Paolo VI è passato alla storia come “il papa della pillola“, Ratzinger rischia di passarci come quello “del preservativo“. Paolo VI, non a caso detto “l’Amleto di Milanodal suo predecessore papa Angelo Roncalli, stava per dar retta alla commissione di studiosi, da lui appositamente istituita, che gli raccomandavano la legittimazione della pillola anticoncezionale per cercare di arginare la tragedia planetaria delle morti per fame e malattie (oggi siamo a un bambino ogni 6 secondi! All’epoca era uno ogni 8 secondi). All’ultimo momento però si arrese alle pretese di un gruppetto di “duri e puri” capeggiati da un cardinale polacco che si chiamava Wojtyla. Analogamente, Ratzinger è pressato da larga parte della Chiesa - compreso il “giro” dell’ex arcivescovo di Milano Carlo Maria Martini - perché ritiri la anacronistica e dannosissima condanna contro l’uso del preservativo, ma anche lui alla fine capitola di fronte agli ottusi.

OLTRETUTTO - Da notare che NON è più vero che l’uso del preservativo è di per sé contro la concezione di nuovi esseri umani. Anzi! E’ infatti ormai cosa scientificamente validata l’uso del preservativo nel rapporto eterosessuale da parte di uomini sieropositivi o malati di Aids per poter raccogliere lo sperma a fine rapporto, lavarlo del virus veicolo di contagio e introdurlo nella vagina della partner con apposita siringa in modo che possa sì restare incinta, ma NON di un feto dal tragico destino segnato ancor prima di nascere e diventare un neonato. In Italia l’alfiere di questa tecnica è il chirurgo andrologo professor Paolo Marandola, che in Africa ci ha passato una vita e ora è impegnato nello Zaire con una iniziativa ospedaliera e con la diffusione appunto di tale tecnica anti Aids, che ha costi ridicolo, alla portata quindi anche delle donne africane. In Africa NON c’è l’abbondanza di acqua e igiene dell’Occidente, motivo per cui le infiammazioni vaginali sono molto più frequenti che in Occidente, e sono proprio le infiammazioni vaginali, con la conseguente dilatazione dei vasi sanguigni, a far passare i vettori della sieropositività e dell’Aids. Ecco perchémentre in Europa si rischia l’Aids solo dopo alcune centinaia di rapporti sessuali in Africa invece il rischio di contagio compare già dopo un numero di rapporti enormemente più basso.

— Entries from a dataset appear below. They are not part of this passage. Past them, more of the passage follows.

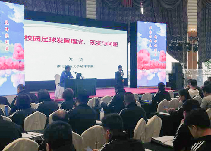 2019年4月23日上午,由全国青少年校园足球工作领导小组办公室主办、中国教育科学研究院承办、吉林体育学院协办的全国青少年校园足球师资国家级专项培训—管理干部(校长)培训在长春中日友好会馆开班,200余名中小学校长及管理干部参加。我院郑贺教授应邀给全体学员作了“校园足球发展理念、现实与问题”的报告。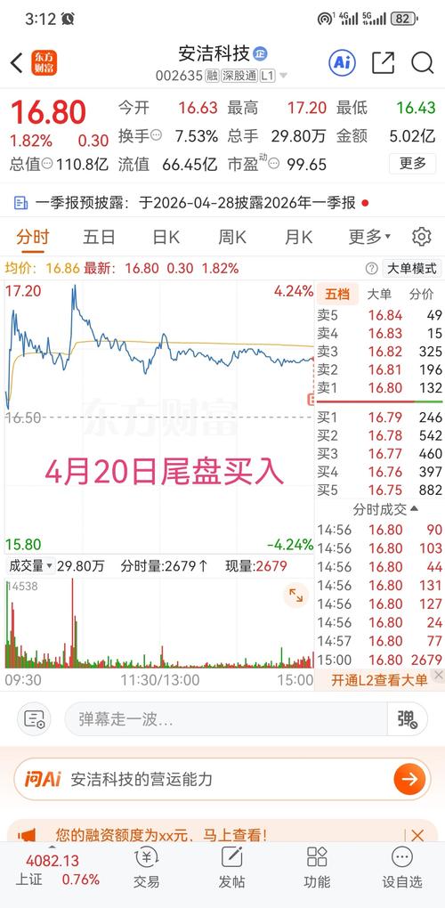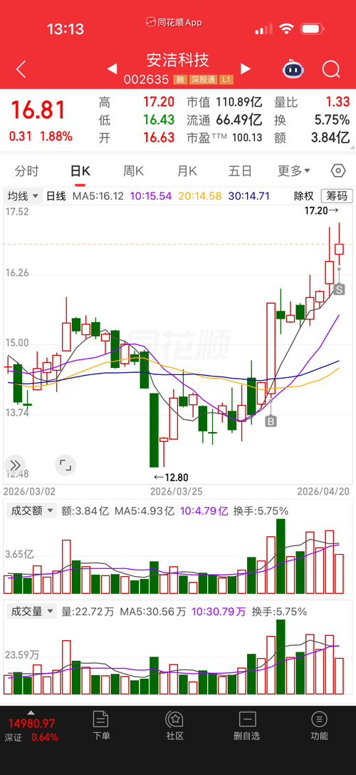 $安洁科技(SZ002635)$猜收盘价,16.80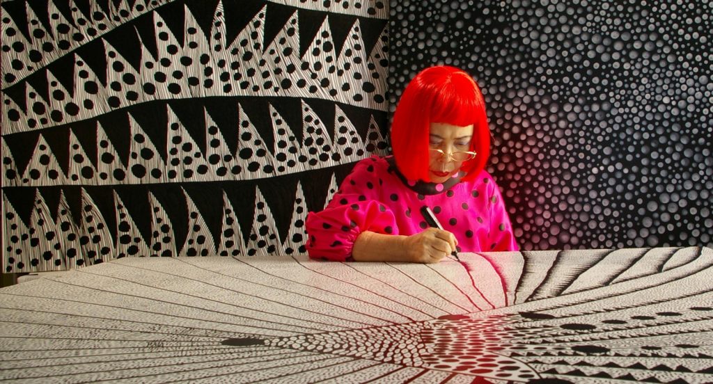 Quando Kusama arrivò a New York per la prima volta, nel 1958, non navigava certo in acque facili. Non aveva molti agganci, solo una grande ambizione e un portfolio di circa 2mila opere. Conosceva però Georgia O’Keeffe e Kenneth Callahan e, grazie a loro, riuscì a organizzare la sua prima mostra a Seattle. La strada era segnata, negli anni ’60 e ’70 Kusama diventò una delle figure più affascinanti nel variegato panorama artistico di New York, grazie ai suoi happening e alle sue performance, durante le quali dipingeva i corpi con i pois che poi sarebbero diventati leggendari.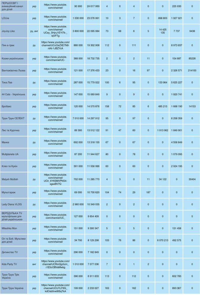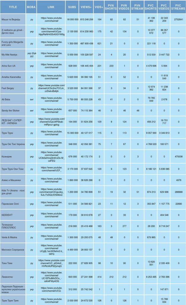 However, the top ten also includes other Russian-language channels or channels of questionable origin: Fast Sergey, Amelka Karamelka, Lady Bug and Supercat, Brobax, Plus Plus.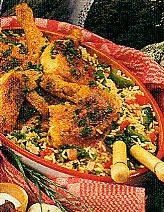 Suppengrün putzen. Mit Poularde, Lorbeer, Salz in einen Topf geben, knapp mit Wasser bedeckt 60 Minuten köcheln. Geflügel herausnehmen, etwas abkühlen lassen, dann Fleisch von den Knochen lösen und würfeln. Den Blumenkohl putzen. In Röschen teilen, waschen. In der Hühnerbrühe weich garen. Inzwischen Reis in Salzwasser quellen lassen. Die Hälfte des Blumenkohls mit 500 Milliliter der Brühe pürieren. Mit Salz, Pfeffer, Worcestersauce und Zitronensaft abschmecken. Die restlichen Blumenkohlröschen, Erbsen und Fleisch darin erhitzen. Zum Schluss Eigelb unterrühren. Reisrandform mit Butter fetten. Den Reis abgiessen und hineindrücken. Auf eine Platte stürzen. Ragout in die Mitte füllen und servieren.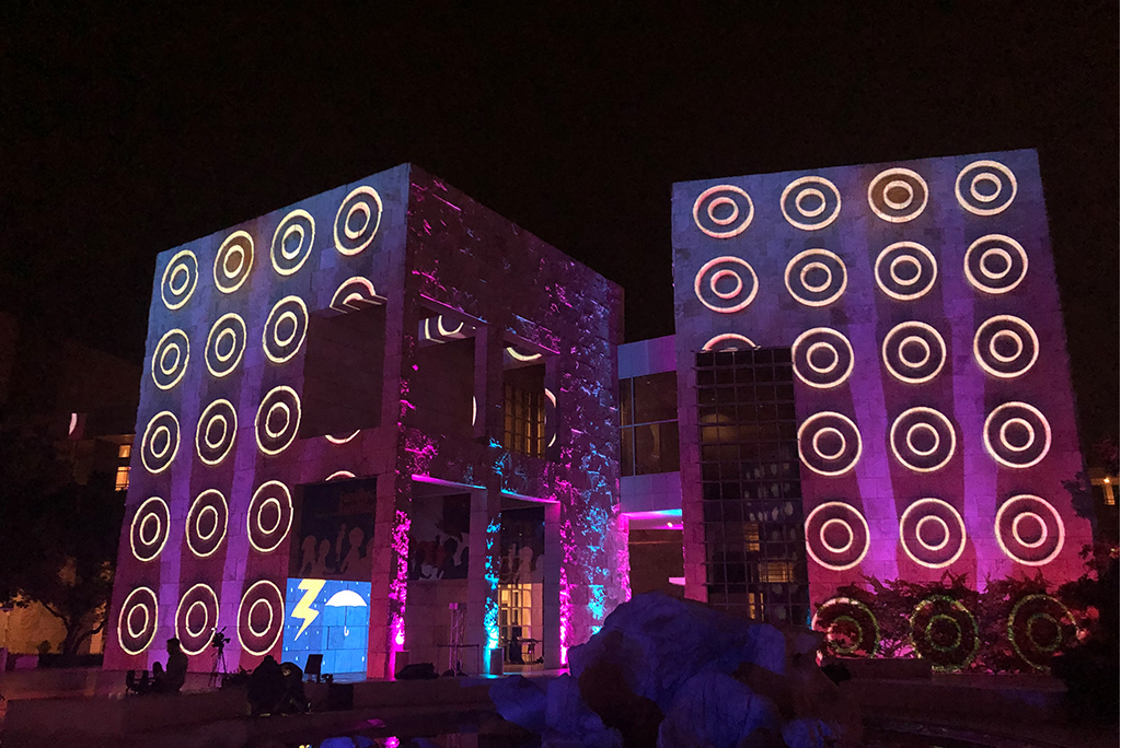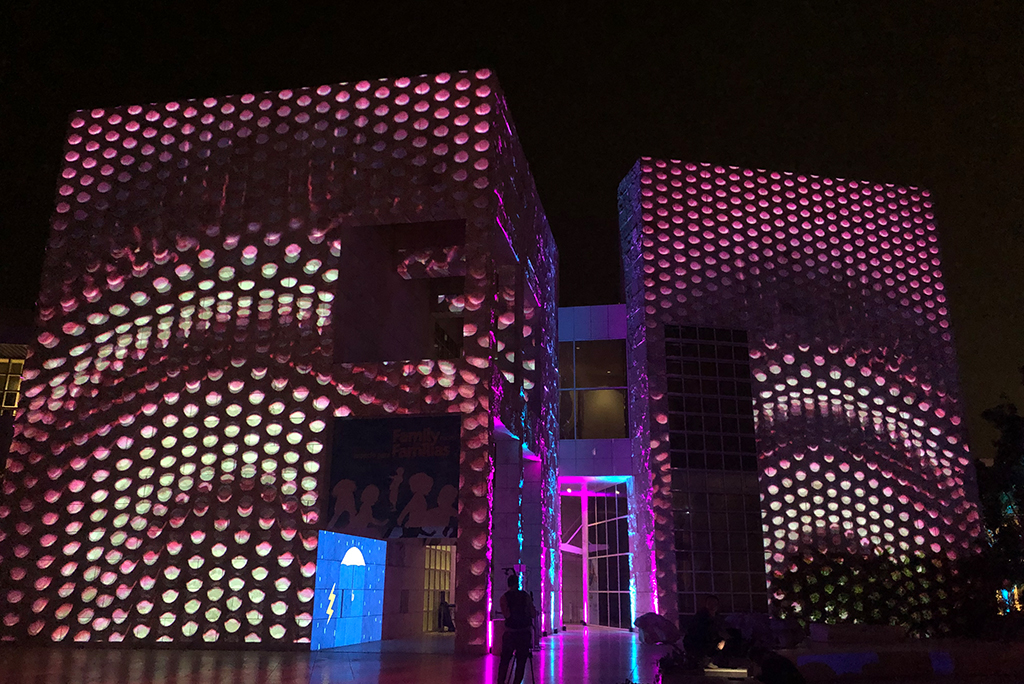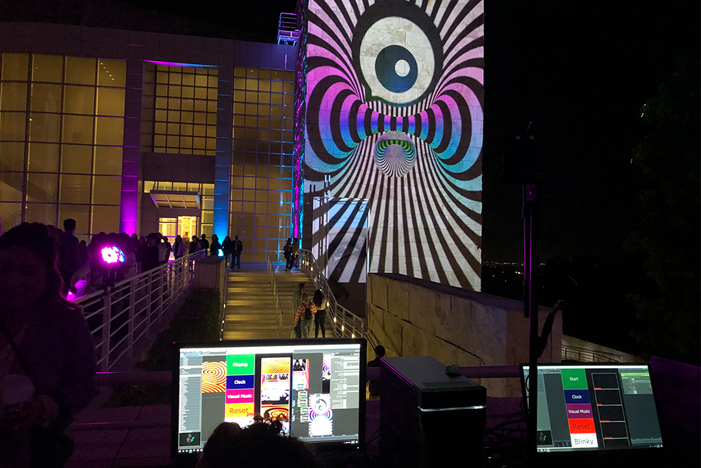 I was brought to the Getty Unshuttered Project to design and implement the projection mapping and file system playing a fully in Sync event across five main buildings. I also created dynamic and colorful 3D animations that could be projected projected on the rocks and buildings of the Getty center.

NON L’UNICA - Anziché le solite chiacchiere e giaculatorie Ratzinger forse avrebbe fatto meglio a parlare di queste tecniche, se proprio di teneva a parlare di preservativi e a rischiare di passare alla storia come un gaffeur inferiore forse solo a Berlusconi, il nostro prossimo presidente della Repubblica. Dopo le infelici battute sul corano e l’altrettanto infelice revoca della scomunica al  vescovo negazionista Williamson, l’incredibile boutade africana sul preservativo “inutile contro la lotta all’Aids” ha sollevato un’altra e più vasta salva di dure bordate, questa volta però sparate anche da vari Paesi europei. Non dall‘Italia però, perché Berlusconi ovviamente non osa contraddire il papa visto che ha bisogno dei clericali anti laici per diventare presidente della nostra sempre meno laica Repubblica. Se la Francia è la patria dell’Illuminismo e della Rivoluzione francese che ci hanno reso liberi facendoci uscire dagli incubi dell’oscurantismo clericale, l’Italia resta e anzi tende a ridiventare sempre di più al guinzaglio del Vaticano. .    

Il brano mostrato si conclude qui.